Agreed, but the MAC addresses are too close for comfort


----------



## wblock@ (Apr 10, 2012)

Or when you have an upstream that has some sort of load balancer.


----------



## aa (Apr 20, 2012)

Guess, could be some sort an ARP poisoning, your DHCP client manually add or change MAC/IP, load balancing/interfaces bonding somewhere, or if both interfaces belong to your host, put them in the same network segment with the same subnet.
Doesn't have enough information to pinpoint


----------



## scotia (Jan 19, 2013)

Another reason for the MAC address to change is using bonjour capable devices with a bonjour sleep proxy on the network.  When the device goes to sleep, the sleep proxy (which is now responding on behalf of the sleeping machine) sends out a gratuitous ARP so that devices which try to contact the sleeping machine actually hit the sleep proxy (when then wakes the destination).
Sleep proxies are devices like Airport Express/Extreme and Apple TVs (low power, always on).


----------



## Uniballer (Jan 19, 2013)

All of the changes logged in the original post happened in 33 seconds, so if it is a sleep proxy it is a broken one.

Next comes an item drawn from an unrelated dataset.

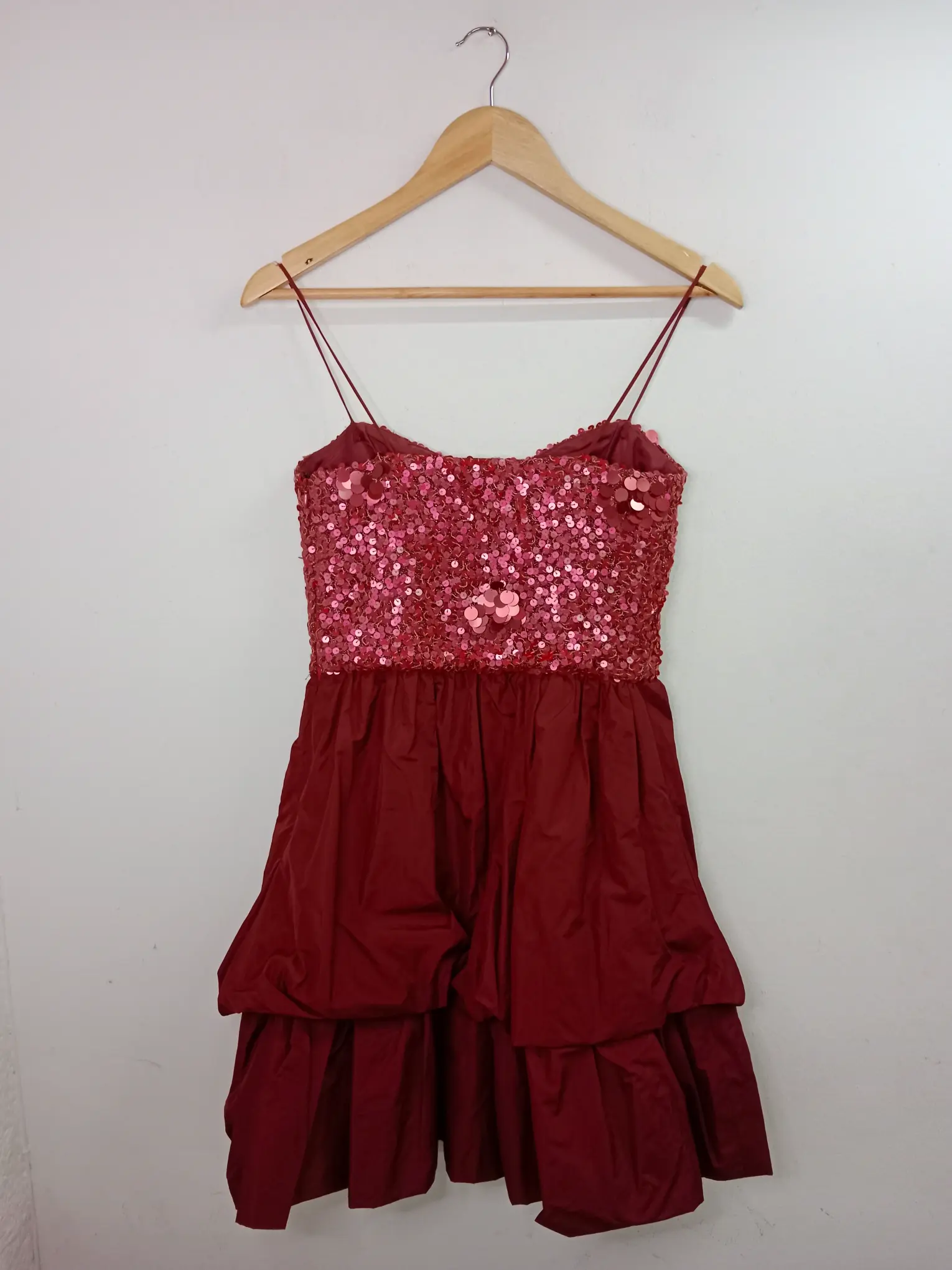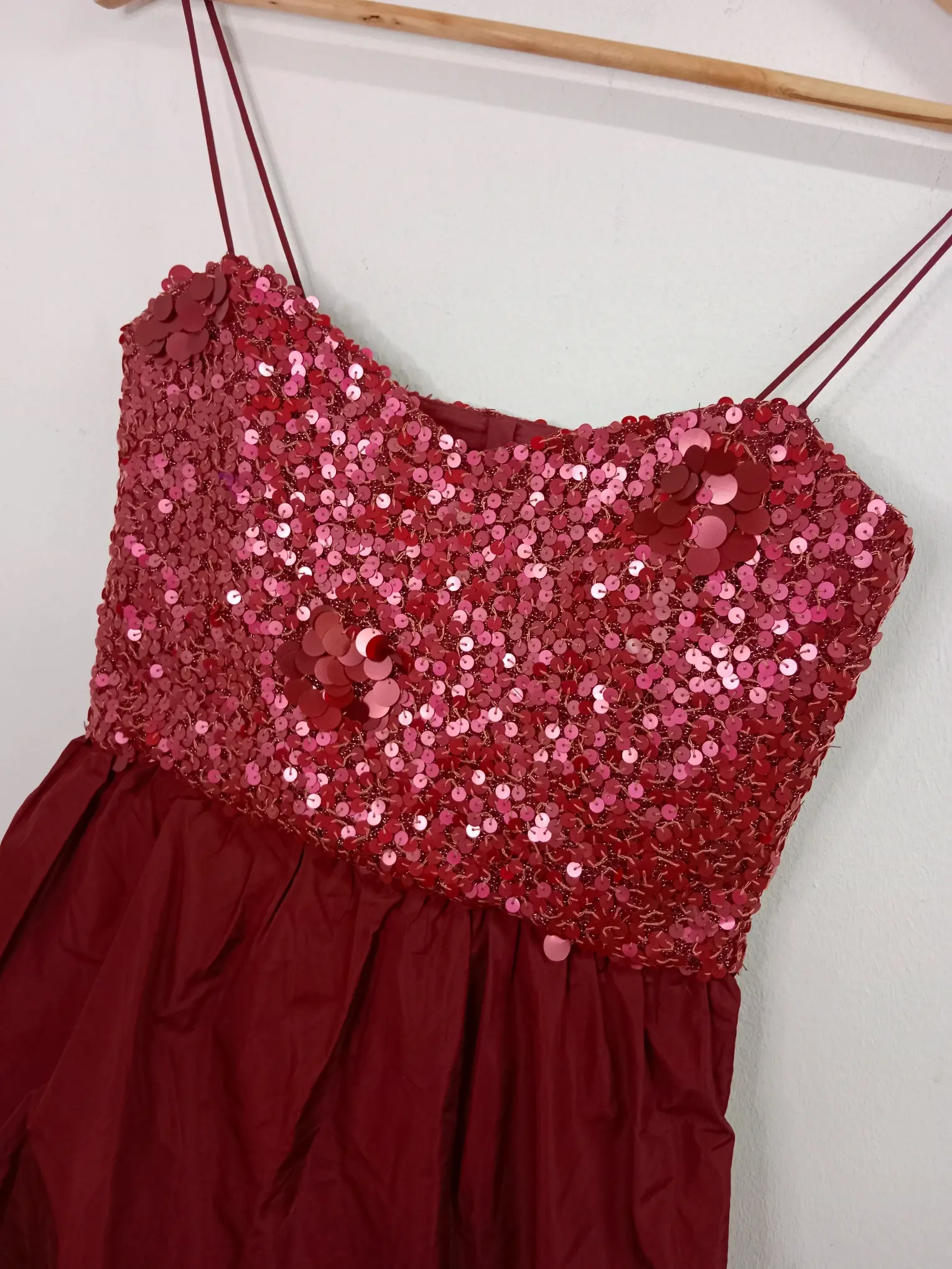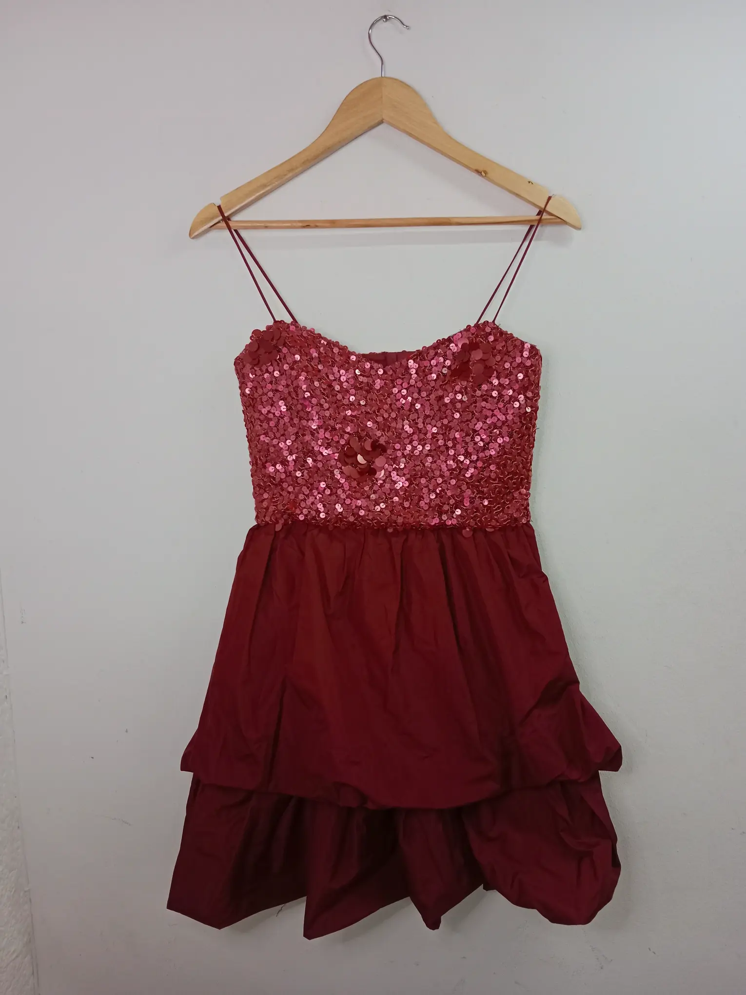 Vestido de invitada, celebración o cóctel de tirantes y corto en color rojo burdeos con la parte de arriba de lentejuelas y falda con vuelo y doble capa. Ideal para primavera y verano en los días más fresquitos o para invierno para llevarla con alguna americana o chaqueta tipo cazadora.

I say, identify the problem.  Something is misconfigured, somewhere.  Who is 192.168.1.87?  Was this address assigned by DHCP and/or a (rogue) manual assignment?  Are 00:06:5b:F7:65:1c and 00:06:5b:F7:67:1b two NICs in one machine, or in separate boxen?  BTW - OUI 00:06:5b belongs to Dell Computer Corp.

My Cisco SGE2000P switches will let me query the address tables in the switch stack and identify the unit/port that a MAC address is connected through.  Then I could find the box if the labels are good enough, or disconnect the port and see who screams .  Maybe you have switches that can do a similar trick...


----------



## J65nko (Jan 20, 2013)

You can find the OUI codes that Uniballer is referring to at http://standards.ieee.org/develop/regauth/oui/oui.txt

Very handy to find out the manufacturer of a network card.


----------



## ohauer (Jan 20, 2013)

Perhaps the machine is running as guest on a Hypervisor which has a trunk to the network.
Depending on the LB Method I'm seeing this also in my environment.


----------